In June, the Republican Study Committee — a panel composed of a majority of House Republicans — proposed in its annual fiscal 2023 alternative budget to raise the ages of eligibility for Social Security and Medicare. The report also suggests that individuals taking early retirement or who meet certain income criteria should have their payments withheld.

“President Biden clearly struck a chord last night when he addressed the long history of Republicans in Congress in cutting the Medicare and Social Security benefits that Americans pay to earn throughout their working lives,” the White House spokesman said. House, Andrew Bates, in an email.

As Biden noted in his remarks Tuesday and Wednesday, some Republicans have publicly opposed Johnson and Scott’s efforts to curtail both programs.

For example, Senate Minority Leader Mitch McConnell (R-Ky.) told reporters early last year that these cuts are not part of the Republican agenda.

“We will not have a bill on our agenda that taxes half the American people and makes Social Security and Medicare disappear in five years,” McConnell said.

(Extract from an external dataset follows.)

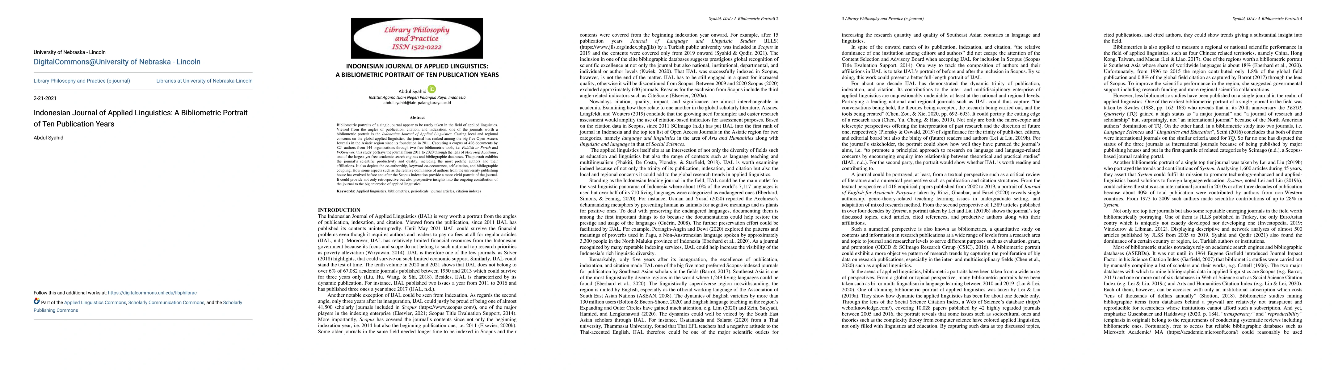 Bibliometric portraits of a single journal appear to be rarely taken in the field of applied linguistics. Viewed from the angles of publication, citation, and indexation, one of the journals worth a bibliometric portrait is the Indonesian Journal of Applied Linguistics. Casting local and regional concerns on the global applied linguistics, the journal has ranked among the big five Open Access Journals in the Asiatic region since its foundation in 2011.

And House Speaker Kevin McCarthy (R-Calif.) in response to Biden’s speech told “Fox & Friends” on Wednesday that he “said it many times before: Social Security and Medicare are off the table.”

Speaking in Wisconsin on Wednesday, the president said he found the Republican response to his mention of the Scott and Johnson proposals “interesting.”

“It sounded like they agreed to take these cuts off the table,” Biden said. “I won’t believe it until I see it in their budgets. … But it looks like we struck a deal last night in the House of Representatives.”